佐藤 日本が殺傷能力のある武器を送るとは言い出しませんでしたから、「まあ、いいんじゃないの」という感じでしょう。少なくともロシアを怒らせることはありませんでした。この戦争もいつかは終わります。その時、殺傷能力のある兵器を供与していない日本は、仲介者になれる可能性があります。
長澤 私は一般メディアの報道を見ているだけですが、この戦争はなかなか終わりそうにないな、という感じがしています。
佐藤 私は10年戦争になってもおかしくないとみています。この戦争全体はアメリカによって管理されており、その目的はウクライナに勝利させることではなく、ロシアを弱体化させることですから。
長澤 ロシアの原油はインドや中国に流れていますから、なかなか弱体化も進まない。
佐藤 私はこの戦争が中東情勢に影響を与えるのではないかと思っているんです。
長澤 中東ですか。
佐藤 エマニュエル・トッドという懇意にしているフランスの人口学者がいます。彼は、この戦争はアメリカが引っ張り、その力が強まっているように見えるが、実際は弱まっている、だから同盟国の潜在力をどんどん引き出す形になっている、と言うのです。それなら中東へのアメリカの関与も弱まっており、力の空白地帯が生まれている可能性がある。
長澤 中東は貨物の運び先でも、燃料の調達先でもありますから、専門家の話をよく聞きます。でもなかなか状況がつかめないですね。
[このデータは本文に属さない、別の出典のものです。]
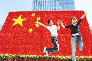 9月15日,在北京市朝阳区双井桥附近,一面由两万多支玫瑰组成的“五星红旗”鲜艳醒目,吸引路人拍照留念。 新华社发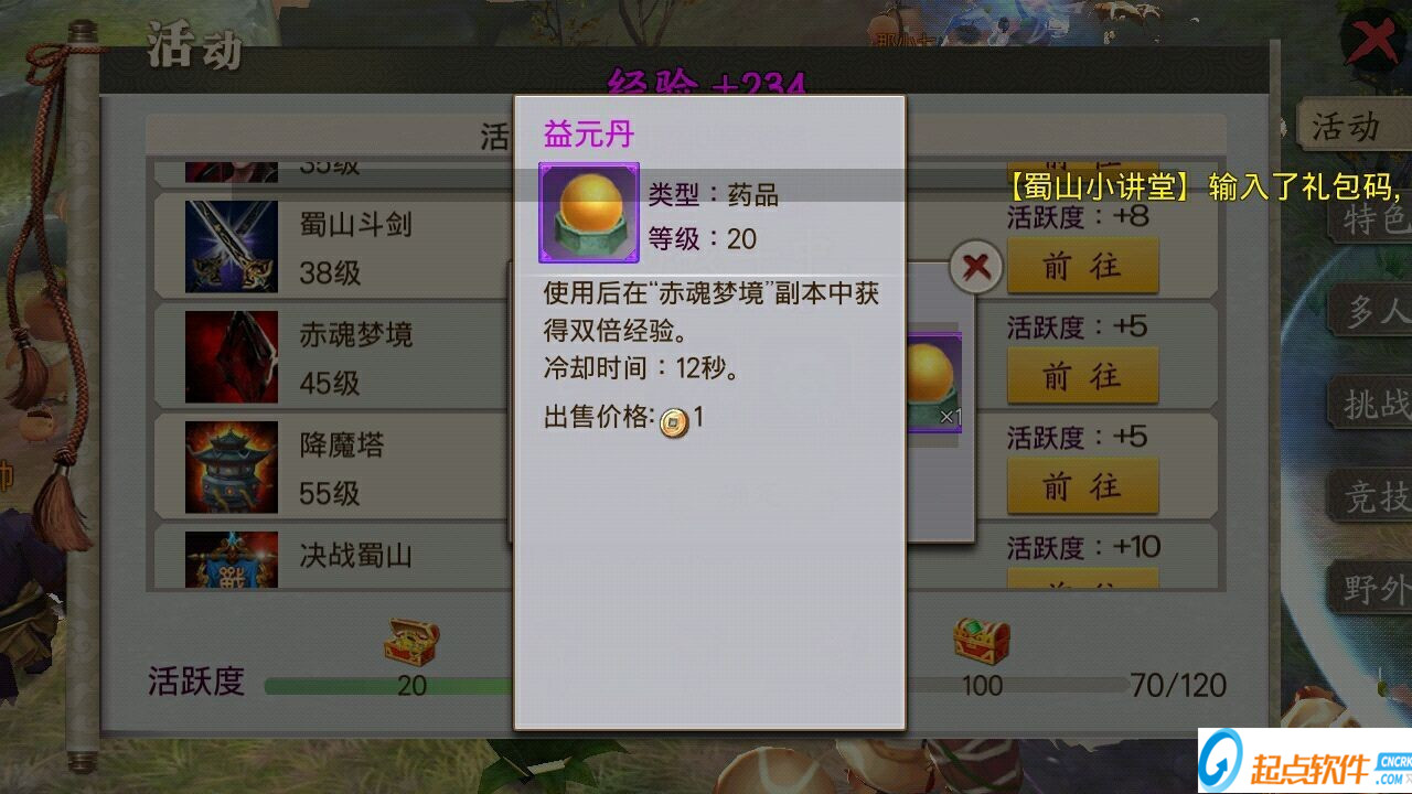 3,45多人挑戰(zhàn)副本赤魂夢境。每日一次?;陦艟潮倦m然要消耗10綁定元寶,但經(jīng)驗收獲十分豐厚。進本時記得使用活躍度禮包中獲得的益元丹,使用后在赤魂夢境中可獲得雙倍經(jīng)驗。

佐藤 5月にサウジアラビアで開催されたアラブ連盟首脳会議に、13年ぶりにシリアのアサド大統領が参加しました。つまりサウジとシリアが手打ちをした。これは背後でロシアが動いていたのですが、アメリカの力が弱まったことで、現実にさまざまな動きが出てきています。
長澤 少し前にはUAEとイスラエルが国交を樹立するなど、確かにあり得ないことが起きていますね。
佐藤 中東をはじめ、世界が非常に流動的になってきています。国際海運は今後も難しい舵取りを余儀なくされる気がします。
長澤 日本は島国で、輸入の99.6%を海運に頼っています。ですから日本の経済安全保障上、私ども船会社はたいへん大きな責務を担っている。これはきちんと果たしていかねばなりません。